# TASK MATERIAL
-- Opening Marker --
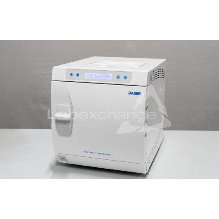 De Melag Euroklav 29-VS+ autoclaaf beschikt over vier programma's voor het steriliseren van verpakte en eenvoudige holle instrumenten (bijv. scharen, naaldhouders, klemmen, enz.), evenals textiel, zelfs verpakt. Uitgerust met een krachtige vacuümpomp, wordt vóór de sterilisatie een eenvoudig voorvacuüm gecreëerd om ervoor te zorgen dat alle lucht volledig uit de verpakking en het inwendige van de instrumenten wordt verwijderd. De autoclaaf heeft zowel de Bowie & Dick- als de Lekt-test doorstaan. Het apparaat verkeert in nieuwstaat. Technische specificaties: Voltage: 230 V, Vermogen: 2100 W, 4 legplanken, Temperatuurbereik: 190 °C. Buitenafmetingen (B) x (D) x (H): 42,5 cm x 61 cm x 49 cm. Kamergrootte/-volume: 25 cm x 35 cm lang/17 l. Gewicht: 42 kg
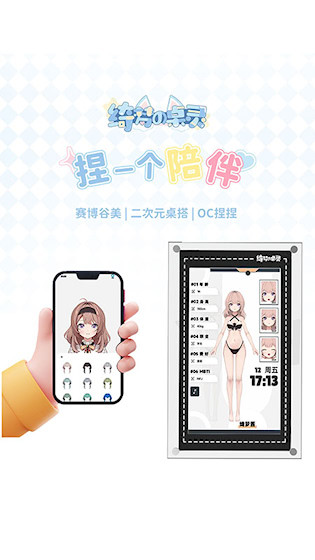 绮梦的桌灵是一款以二次元虚拟角色为主题的桌面美化应用,为喜爱动漫风格的人们打造,可以自由设计属于自己的虚拟角色,从外貌、服装到性格设定都能按喜好调整,完成角色创建后,会出现在手机桌面上,能进行简单互动和提醒。
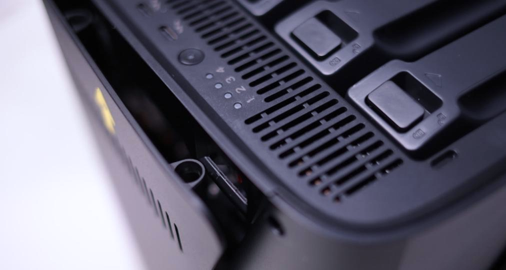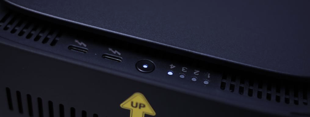 可以看到极空间Z425在顶部提供了两个雷电4接口,而从散热孔的设计来看和Z423一致,基于底部吸入冷风,上部吹出热风,但是又有点不同,哪里不同呢?极空间可是给了65瓦的最大输出哦!!!
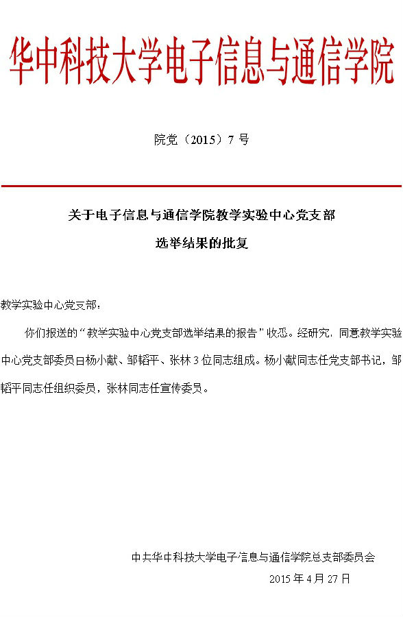 院党(2015)8号 关于857足球直播 电子工程系党支部选举结果的批复
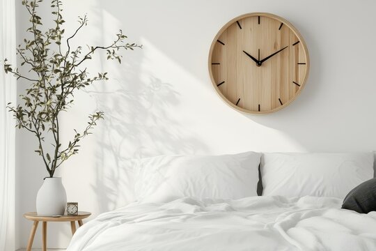 Scandinavian cozy ambiance in this bright bedroom featuring a wooden clock and acoustic panel on the wall
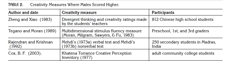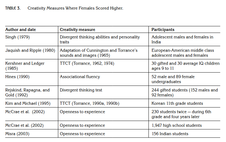Baer, J., & Kaufman, J. C. (2008). Gender differences in creativity. The Journal of Creative Behavior, 42(2), 75-105.
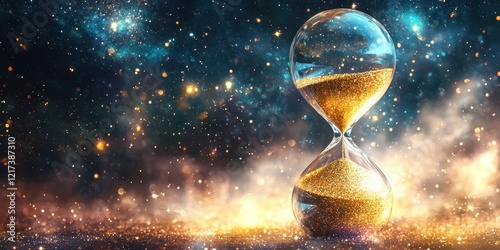hourglass, sand, gold, glistering, cosmic, background, star, space, universe, galaxy, time, eternity, flow, measure, passage, moment, duration, second, minute, hours, day, year, century, infinite, immensity, mystery, wonder, magical, sparkle, shimmer, light, dark, nebula, celestial, dust, gold, glasses
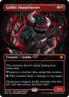 ゴブリンの名手は、あなたのアンタップ・ステップにアンタップしない。 クリーチャー1体が死亡するたび、ゴブリンの名手をアンタップする。 (T):クリーチャー1体かプレイヤー1人を対象とする。ゴブリンの名手はそれに1点のダメージを与える。 |
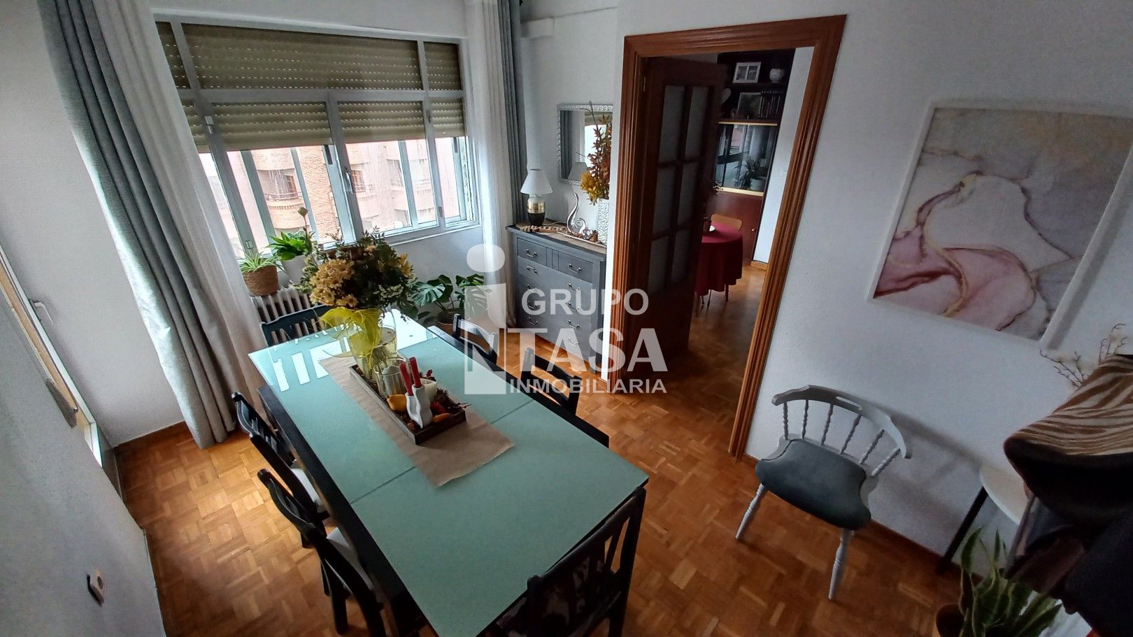 Piso céntrico con una superficie de 112m2 consta de 4 dormitorios, salón cuadrado + comedor y salida a un balcón bonito, 2 baños completos, uno de ducha y otro con bañera , sanitarios nuevos, Cocina con electrométricos Nuevos, calefacción Individual por bomba de Calor y Frio ,ascensor y el portal no tiene Barreras arquitectónicas.
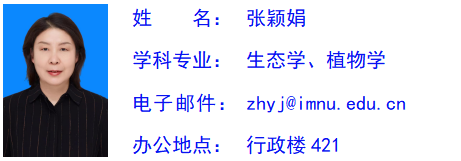 张颖娟,女,汉族,1970年生,呼和浩特人,理学博士,yl6809永利官网集团教授,硕士生导师。主要研究领域为植物生态学,恢复生态学,学科教学(生物)等。主持国家自然科学基金项目1项、省部级科研项目10余项。发表研究论文30余篇,出版学术著作3部。
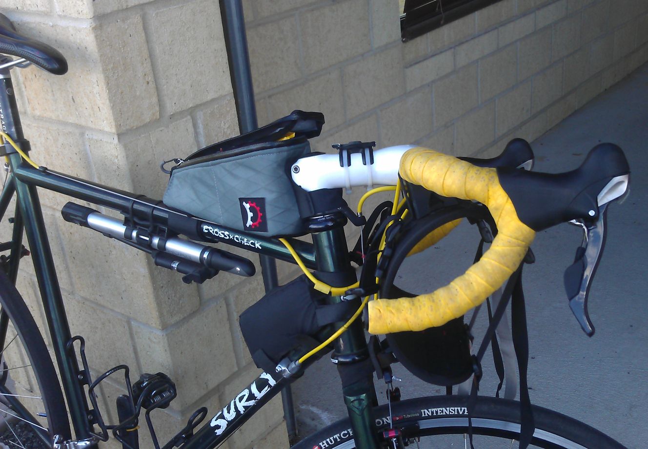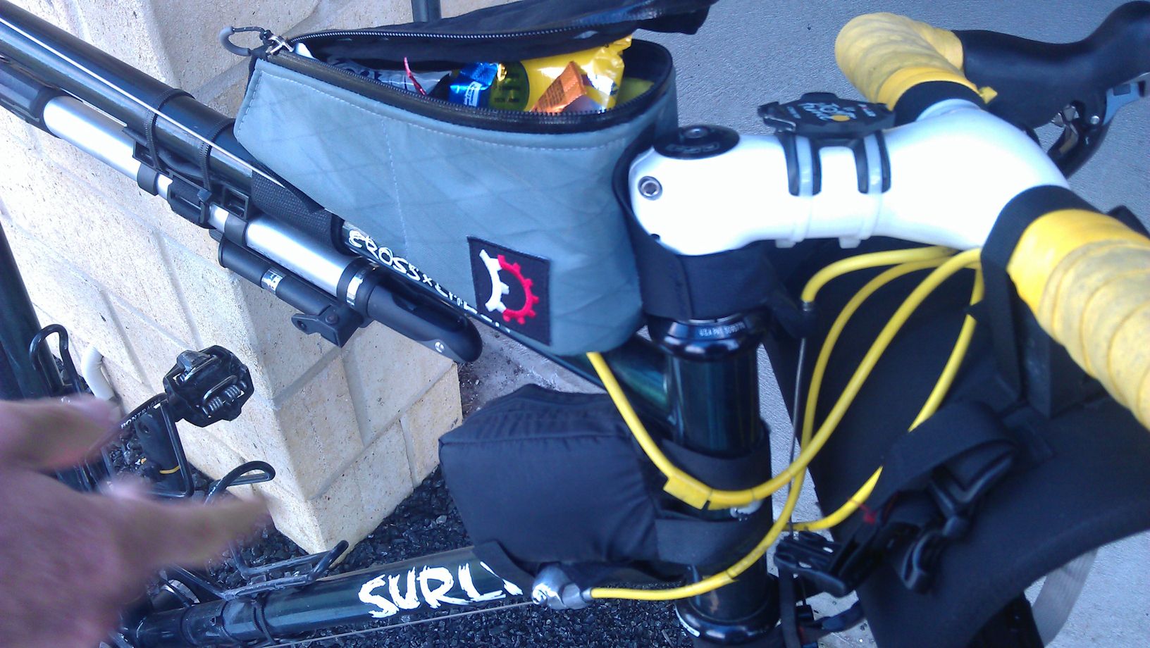 Everything was packed onto the bike, except for the stuff he mailed ahead to himself. His main water supply was his ‘Camelback’ strapped to his body and with a mouth tube. He carried ~4.25 L water – 2 L in the Camelback, and 3x 750 mL bottles, each of which also contained powdered electrolyte. He would only drink from the bottles when he stopped, and would sip from the Camelback about 4x per hour. He never ran out of water. He also started cycling very early in the day, and as it was cool in the mornings, he wasn’t drinking too much water.
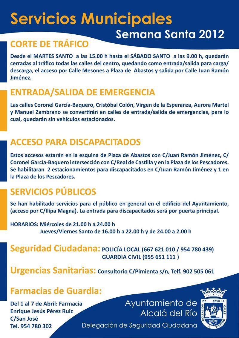 Se informa a todos los vecinos de Alcalá del Río los servicios municipales que se mantendrán durante estos días de Semana Santa 2012. Desde la Delegación de Seguridad Ciudadana se ruega la mayor colaboración para que estos días de la semana grande discurran con total normalidad y el esplendor que se merecen. Además se reiteran las disculpas por las molestias ocasionadas.
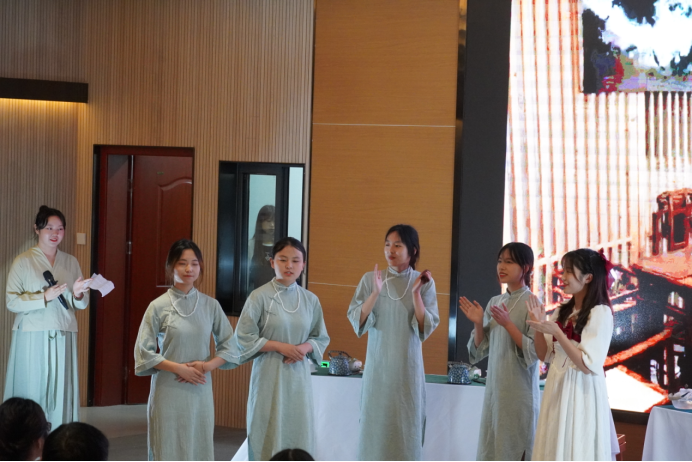 通过前期报名和预赛选拔,共有6支队参加决赛。决赛现场,茶艺题材丰富多彩,选手们充分的将茶艺理论知识与人文素养知识相融合,使展示内容不再是单一冲泡技能的展示,而是具有丰富的文化内涵。经过激烈的角逐,评委老师从仪表仪态、茶席布置、茶艺展示、茶汤质量、综合印象五个方面对参赛作品进行打分,最终《梦 茶缘》获得最佳创意奖;《民族团结 盛世兴茶》获得一等奖;《青春少年》和《盏茶浅抿》获得二等奖;《原萃正道》和《清茗》获得三等奖,评委为获奖队伍颁发了奖状和奖品。李建华老师对各参赛队的茶艺展示及综合表现进行精彩点评。
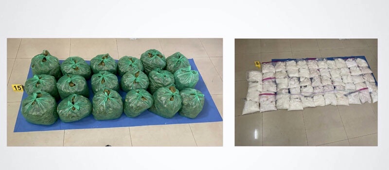 Aseguran más de 53 kilos de metanfetaminas y 17 kilos de marihuana con valor aproximado de 20 mdp.
-- Closing Marker --
# REQUIRED ACTION
Within the listing above, the lines from the one with "绮梦的桌灵是一款以二次元虚拟" through the one with "张颖娟,女,汉族,1970年" are to be given again word for word. Do not include pictures.

# OUTPUT FOR THIS EXERCISE
 绮梦的桌灵是一款以二次元虚拟角色为主题的桌面美化应用,为喜爱动漫风格的人们打造,可以自由设计属于自己的虚拟角色,从外貌、服装到性格设定都能按喜好调整,完成角色创建后,会出现在手机桌面上,能进行简单互动和提醒。
 可以看到极空间Z425在顶部提供了两个雷电4接口,而从散热孔的设计来看和Z423一致,基于底部吸入冷风,上部吹出热风,但是又有点不同,哪里不同呢?极空间可是给了65瓦的最大输出哦!!!
 院党(2015)8号 关于857足球直播 电子工程系党支部选举结果的批复
 Scandinavian cozy ambiance in this bright bedroom featuring a wooden clock and acoustic panel on the wall
Baer, J., & Kaufman, J. C. (2008). Gender differences in creativity. The Journal of Creative Behavior, 42(2), 75-105.
hourglass, sand, gold, glistering, cosmic, background, star, space, universe, galaxy, time, eternity, flow, measure, passage, moment, duration, second, minute, hours, day, year, century, infinite, immensity, mystery, wonder, magical, sparkle, shimmer, light, dark, nebula, celestial, dust, gold, glasses
 ゴブリンの名手は、あなたのアンタップ・ステップにアンタップしない。 クリーチャー1体が死亡するたび、ゴブリンの名手をアンタップする。 (T):クリーチャー1体かプレイヤー1人を対象とする。ゴブリンの名手はそれに1点のダメージを与える。 |
 Piso céntrico con una superficie de 112m2 consta de 4 dormitorios, salón cuadrado + comedor y salida a un balcón bonito, 2 baños completos, uno de ducha y otro con bañera , sanitarios nuevos, Cocina con electrométricos Nuevos, calefacción Individual por bomba de Calor y Frio ,ascensor y el portal no tiene Barreras arquitectónicas.
 张颖娟,女,汉族,1970年生,呼和浩特人,理学博士,yl6809永利官网集团教授,硕士生导师。主要研究领域为植物生态学,恢复生态学,学科教学(生物)等。主持国家自然科学基金项目1项、省部级科研项目10余项。发表研究论文30余篇,出版学术著作3部。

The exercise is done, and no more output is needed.